- Interactive map of Karla (Kose)
- Country: Estonia
- County: Harju County
- Parish: Kose Parish
- Time zone: UTC+2 (EET)
- • Summer (DST): UTC+3 (EEST)

= Karla, Kose Parish =

Village in Estonia

Karla is a village in Kose Parish, Harju County in northern Estonia.

First written record of the village is from 1241 in Danish landmeasuring book (Liber Census Daniae).

Before the Great Northern War (1700–1721) there were 3 villages in the current territory: Kirimäe (13 farms), Söönurme (3 farms) and Karla (17 farms).

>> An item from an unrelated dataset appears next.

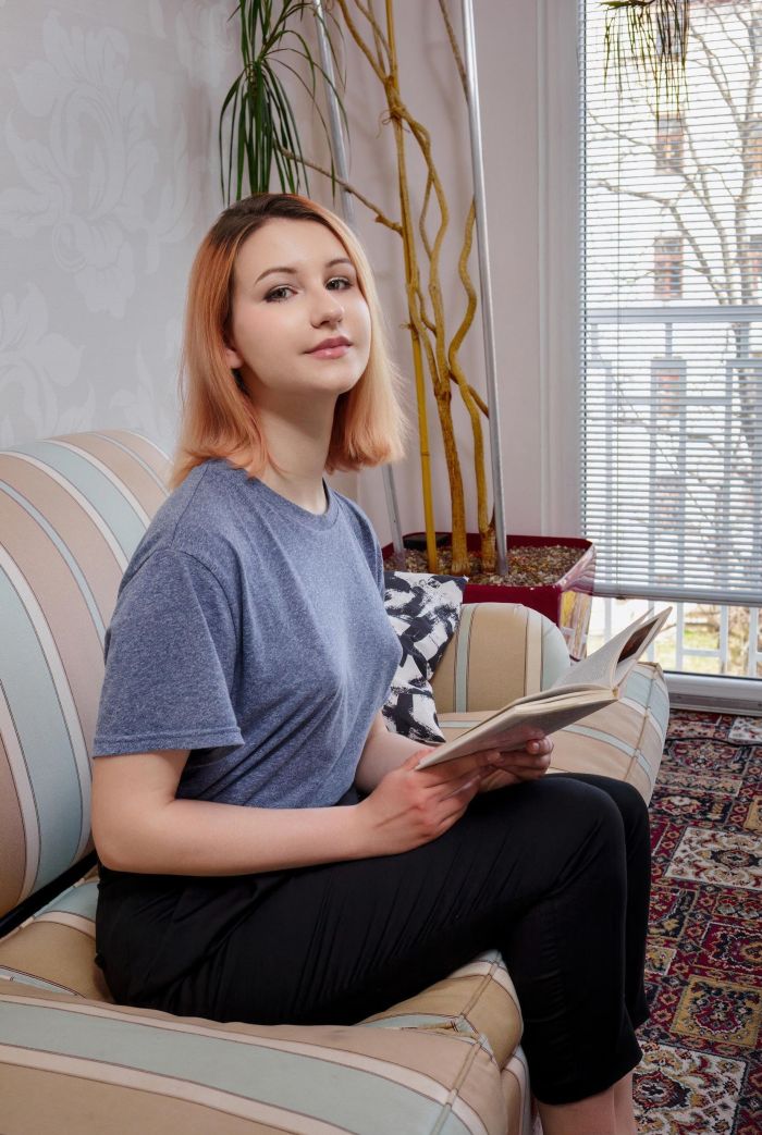 Уверенно и дерзко снимая с себя одежду перед, аппетитная молодая красотка постепенно разделась до гола в комнатке и, развалившись на диване с широко раздвинутыми ногами, крупным планом показала нам свои прелести.

After the plague (1711) and robbers - there were only 6 families left.

In 1805, there was a Kose-Uuemõisa rebellion from the village farmers against landlords. One of the rebel leaders was Kõlli Toomas from Karla village.

In 1944, during the bombardment of Tallinn, one Russian bomber crashed between Vetka and Matsuhansu farm.

In 1949, by the order from the Soviet state, new kolkhoz was initiated in the village.

After the re-independence of Republic of Estonia, in 1991, there was a local community movement to restore village history and traditions.

Nowadays, the village is mostly known for its horticultural farms and nurseries. Internationally most well-known is Roogoja Farm and family Kivistik (Clematis, grapes and vines) and their one of the most northern collection garden.